Wenn er eine neue Arbeit beginnen sollte, fand er vom Garten nur schwer hinein ins Zimmer. Er wand und krümmte sich vor der neuen Aufgabe wie ein träger, ungezogener Schulbube vor seinem Pensum, oder wie ein verwöhnter Tenor, der hundertmal genötigt sein will; er hatte keine Lust zum Gebären. Sobald er aber im Schaffen war, war ihm ums Herz wie der Mutter, der das neue Leben schon im Arme liegt, und er wußte ganz genau, daß es kein Glück gibt über dieses Glück hinaus. Dann konnte er nicht zurückfinden, dann hätte er gern Zwillinge und Drillinge in die Welt gesetzt, dann bestahl er sich oft um den notwendigsten Spaziergang und sann und schrieb und schrieb und sann, bis ein vielstimmiger und wohlgestimmter Gong mit heiterem Klange durchs Haus schallte. Das war wohl ein köstlicher Ton; denn er rief ihn zur Versammlung mit den Seinen um den Mittagstisch. Am Tische der Semper gab es morgens, mittags und abends – außer festeren Speisen – mit seltenen Ausnahmen immer dasselbe Gericht, und das hieß Frohsinn. Wenn Asmus bei Tische noch seiner Arbeit nachhängen wollte und schöpferisch in die Erbsensuppe starrte, dann erhoben die Seinen entrüsteten Einspruch, und er gehorchte sofort, weil sie recht hatten.
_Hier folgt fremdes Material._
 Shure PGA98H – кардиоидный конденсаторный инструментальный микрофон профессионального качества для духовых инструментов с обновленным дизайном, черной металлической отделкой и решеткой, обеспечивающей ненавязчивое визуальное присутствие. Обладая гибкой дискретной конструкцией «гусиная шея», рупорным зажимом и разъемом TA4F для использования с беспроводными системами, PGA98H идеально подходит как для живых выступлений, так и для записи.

Die Semper lachten gern, und man lachte in diesem Hause nicht nur – wofern man alt genug dazu war – über Cervantes und Lichtenberg, über Gottfried Keller und Wilhelm Raabe, über Teniers und Spitzweg und über die Barbiere von Sevilla und von Bagdad; man kannte nicht nur das Lachen, bei dem die Gesichtsmuskeln unbewegt bleiben und nur das Auge warm erglüht, nein, man lachte auch – und das war das Furchtbare – über einen wohlgelungenen Hampelmann, über einen Heidelbeerfleck auf Sigruns Nase, über den Hund, wenn er nach Fliegen schnappte, und über tausend kindische Dinge, die mit der Höherentwicklung des Menschengeschlechts nicht das Geringste zu tun haben. Die schwer beglückende Weisheit, daß der Mensch nur mit ethischem Hintergrunde lachen dürfe, genau genommen nur mit tragischem, und auch dann nur einmal im Jahr, diese Weisheit und krampfhafte Hoheit war noch nicht in dies beglückte Tal gedrungen.
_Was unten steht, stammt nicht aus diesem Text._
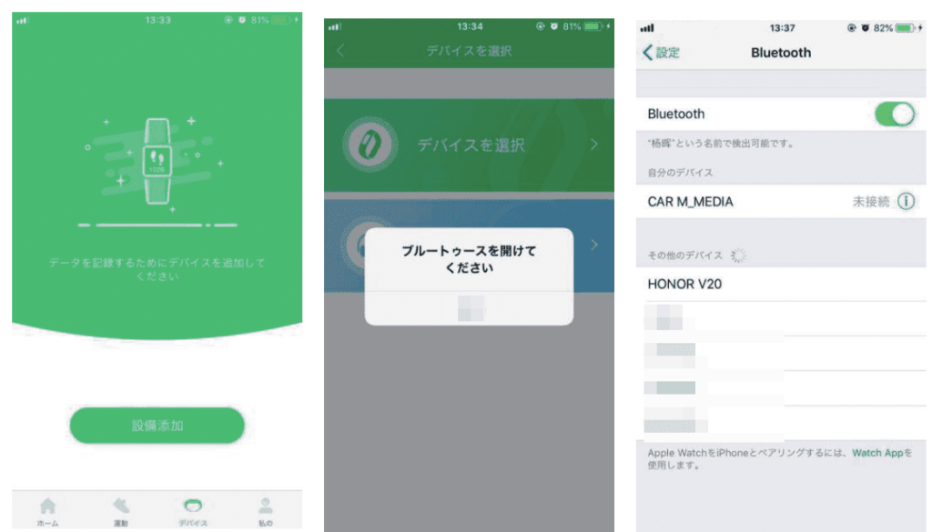 その後、設備の追加 > デバイスを選択 の順番にクリックすると、スマートウォッチH2が表示されるのでクリックすると、同期が完了となります。

Die Kinder bestanden auf ihrem Recht zum Fröhlichsein; sie bestanden auch unerbittlich darauf, ihn jeden Mittag nach dem Essen unter furchtbarem Hallo in sein Arbeitszimmer zu schleifen und dort auf das Sofa zu werfen, auf dem er seine Mittagsruhe hielt. Wenn er dann mindestens zwölf unmögliche Gesichter – »aber verschiedene!« verlangte Sigrun – geschnitten und das Gebell von mindestens sieben verschiedenen Hunden nachgeahmt oder ähnliche eines gesetzten Mannes einfach unwürdige Dinge getrieben hatte, dann wurde er endlich in Gnaden in das Land des Schlummers entlassen. Und wer auf seinen Lippen die Küsse von fünf reinen Kindermäulchen fühlt und durch das klare Fenster in lauter Himmelsblau und Tannengrün hineinblinzelt und bei den wiegenden Wipfeln für alle Hoffnungen des Tages freundlich nickendes Gewähren findet, wie sollte der nicht köstlich schlafen und holde Träume haben!